The second spot of this ten-song list is the toughest for me to decide. I knew that it is reserved for a song by Phạm Duy, Vietnam’s greatest twentieth-century composer. But it was hard to decide between two very different songs: a virtual toss-up. One of my “rules” for making this list is that there could be no more than two songs from the same composer – and Phạm Duy had appeared once already at #8. Which one should fill up this spot: 1954-1975 (the abbreviated title of the song), or Hát Trên Đường Tạm DungSinging on the Exilic Road?

In the end, I went with 1954-1975 But it could be the other song easily.  Although coming from the same album, they are, again, quite different.
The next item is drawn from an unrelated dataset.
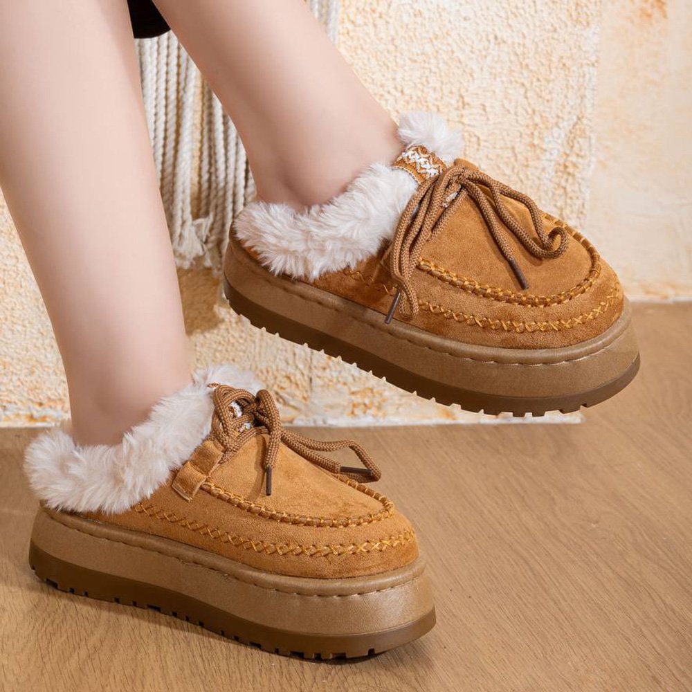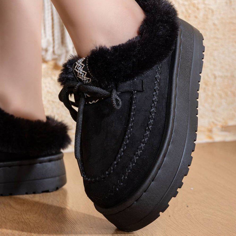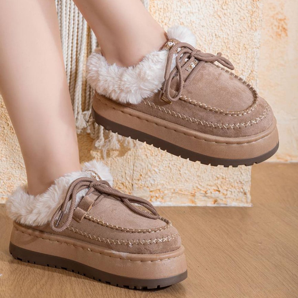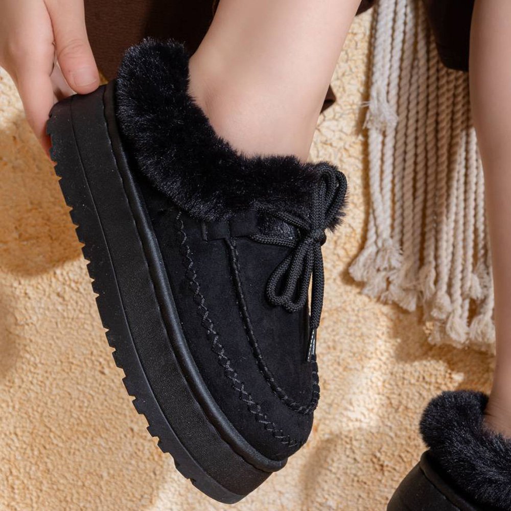 مصنوع بخامة فخمة وخفيف الوزن لراحة لا تُقارن، مبطن بالكامل من الداخل بالفرو الناعم لتدفئة القدمين، مع لمسة فرو خارجية تضيف لمسة أنوثة وأناقة مميزة.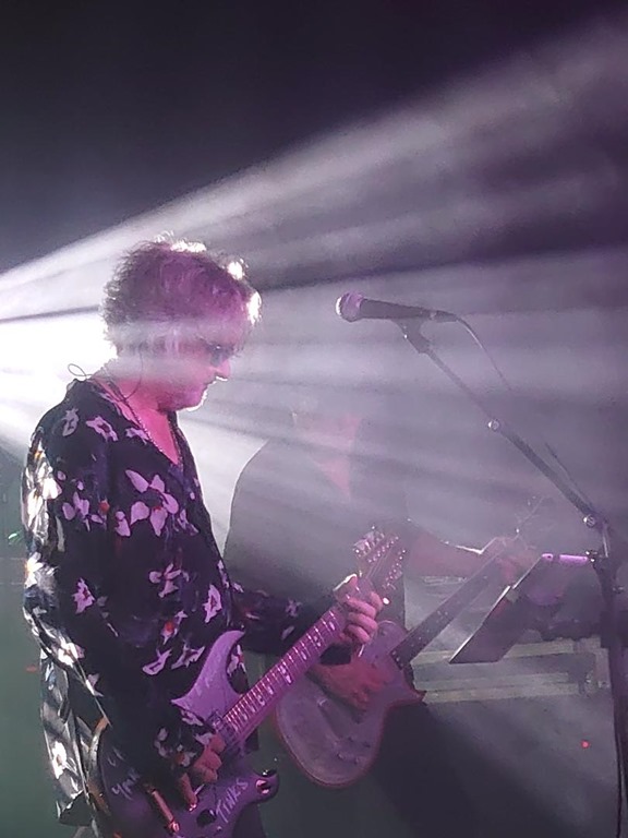In fact, the sound isn’t great, the vocals distorting at certain frequencies being a real issue, especially for anyone without earplugs. And holy fuck, is it hot. It was getting warm before the band took to the stage, as the smoke began to fill the space: that stuff seems to trap heat like a blanket, but with the aircon inexplicably switched off, two or three songs in and everyone is melting. The first set is a bit of a mixed bag of more recent material, with some unexpected gems from the deeper depths of the back catalogue, with their cover of ‘Tomorrow Never Knows’ landing early, and ‘Let Sleeping Dogs Die’, ‘And the Dance Goes on’ and ‘Into the Blue’ sparking hard-hitting nostalgia (I’d completely forgotten being on holiday in the Lake District when non-album single ‘Into the Blue’ was released and having my parents drive to Keswick where I purchased the 7”, 12” and CD and my father thinking I was absolutely nuts). I expect many of those present will each have uniquely personal memories connected to various songs, and to the band overall.

Singing on the Exilic Road is about the U.S.; 1954-1975 is about Vietnam.  Yet, they share one characteristic aside from the fact that they are both refugee songs: their scope is quite large.

For Phạm Duy possessed an acute historical sensibility about the experiences of the Vietnamese.  Firmly rooted in an anticolonial, nationalistic, and noncommunist stand, he was more than a nationalist: an artist who could see the minutia of war and dislocation on the one hand and, on the other, the big picture out of these experiences.  Lê Thương in his early career might have matched Phạm Duy in articulating the national experience on a grand scale.  I’m not sure if any other twentieth-century Vietnamese composer of popular music could have injected a sense of the epical into the small frame of a song under five or six minutes.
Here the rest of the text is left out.